Split the original path in two.

It’s a little different from path compression, which is the find method.

/** * Path Splitting of QuickUnion rank * 

* Rewrite find */

public class UnionFind_QU_R_PS extends UnionFind_QU_R { protected UnionFind_QU_R_PS(int capacity) { super(capacity); } @Override public int find(int v) { rangCheck(v); while(parents[v] ! = v) {// Find the root node // Keep the parent node first int p = parents[v]; //v points to its grandparent node parents[v] = parents[parents[v]]; v = p;2->4->6... } returnparents[v]; }}Copy the code

Path Halving

This is actually similar to path splitting, just another optimization of path compression.

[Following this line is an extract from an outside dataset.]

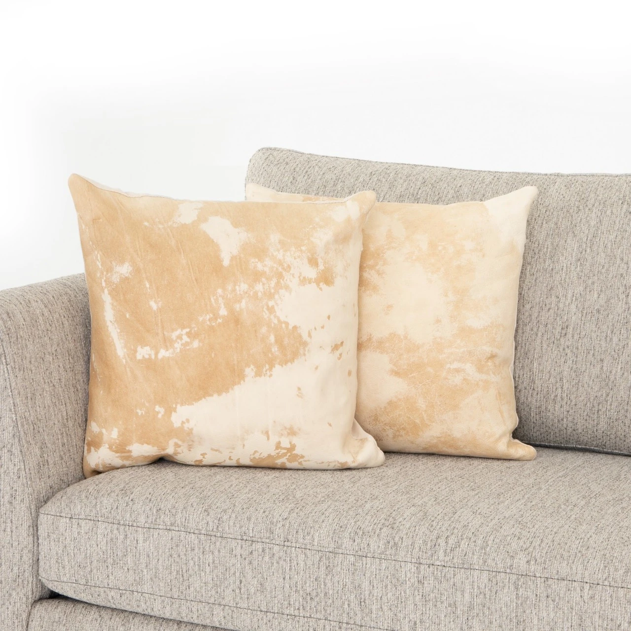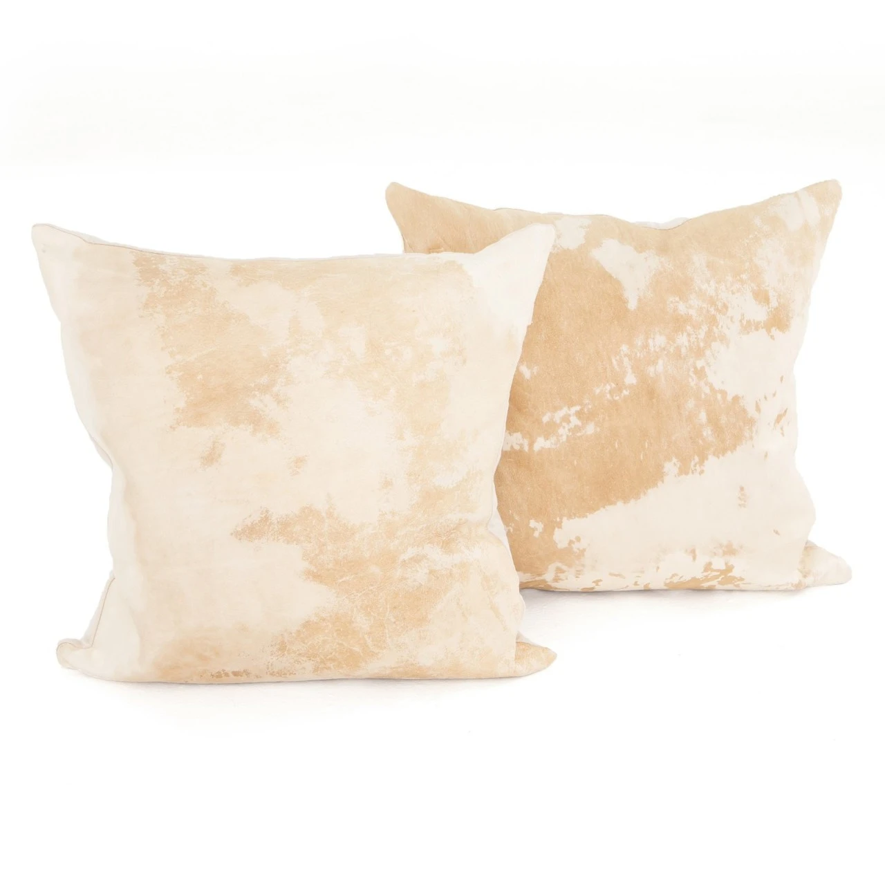Authentic cowhide leather pillows brings warmth and contrast to any space. A variance in color and pattern is to be expected, and speaks to the one-of-a-kind nature of these exotic pillows. Chromium-free processing ensures eco-friendly tanning without the use of dyes. Example hides shown; each will reflect its own unique character in a range of hues. No two hides are the same. Inserts included.

Halve path: Make every other node on the path point to its grandfather.

For example, the name is reduced to half of the original path length.

/** * QuickUnion rank * 

* rewrite find */

public class UnionFind_QU_R_PH extends UnionFind_QU_R { protected UnionFind_QU_R_PH(int capacity) { super(capacity); } @Override public int find(int v) { rangCheck(v); while(parents[v] ! = v) {// Find the root node //v points to its grandparent node parents[v] = parents[parents[v]]; v = parents[v];/ / 1 - > 3 - > 5... } returnparents[v]; }}Copy the code

conclusion

3 million values were randomly generated to compare the optimized performance

[UnionFind_QU_S] start optimization based on Size:22:32:10.819The end:22:32:12.943Time:2.123Seconds -- -- -- -- -- -- -- -- -- -- -- -- -- -- -- -- -- -- -- -- -- -- -- -- -- -- -- -- -- -- -- -- -- -- -- -- -- optimization based on Rank UnionFind_QU_R 】 【 begins:22:32:12.971The end:22:32:14.849Time:1.878Seconds -- -- -- -- -- -- -- -- -- -- -- -- -- -- -- -- -- -- -- -- -- -- -- -- -- -- -- -- -- -- -- -- -- -- -- -- -- + path optimization based on Rank UnionFind_QU_R_PC 】 【 compression begins:22:32:14.861The end:22:32:16.425Time:1.564Seconds -- -- -- -- -- -- -- -- -- -- -- -- -- -- -- -- -- -- -- -- -- -- -- -- -- -- -- -- -- -- -- -- -- -- -- -- -- based on Rank optimization + UnionFind_QU_R_PS 】 【 path splitting begins:22:32:16.431The end:22:32:18.008Time:1.577Seconds -- -- -- -- -- -- -- -- -- -- -- -- -- -- -- -- -- -- -- -- -- -- -- -- -- -- -- -- -- -- -- -- -- -- -- -- -- based on Rank optimization + UnionFind_QU_R_PH 】 【 path in half to start:22:32:18.024The end:22:32:19.568Time:1.544Seconds -- -- -- -- -- -- -- -- -- -- -- -- -- -- -- -- -- -- -- -- -- -- -- -- -- -- -- -- -- -- -- -- -- -- -- -- -- the Process finished with exit code0

Copy the code

The test code is as follows:

public class UninFindMain {
    static final int count = 3000000;

    public static void main(String[] args) {
// testTime(new UnionFind_QF(count));
// testTime(new UnionFind_QU(count));
        testTime(new UnionFind_QU_S(count));
        testTime(new UnionFind_QU_R(count));
        testTime(new UnionFind_QU_R_PC(count));
        testTime(new UnionFind_QU_R_PS(count));
        testTime(new UnionFind_QU_R_PH(count));
    }

    static void testTime(UnionFind uf) {
        uf.union(0.1);
        uf.union(0.3);
        uf.union(0.4);
        uf.union(2.3);
        uf.union(2.5);

        uf.union(6.7);

        uf.union(8.10);
        uf.union(9.10);
        uf.union(9.11); Asserts.test(! uf.isSame(2.7));

        uf.union(4.6);

        Asserts.test(uf.isSame(2.7));

        Times.test(uf.getClass().getSimpleName(), () -> {
            for (int i = 0; i < count; i++) {
                uf.union((int) (Math.random() * count),
                        (int) (Math.random() * count));
            }

            for (int i = 0; i < count; i++) {
                uf.isSame((int) (Math.random() * count),
                        (int) (Math.random() * count)); }}); }}Copy the code

You are advised to use path splitting, path compression, path halving and Rank based optimization. The time complexity can reach O(α(n)), α(n)<5.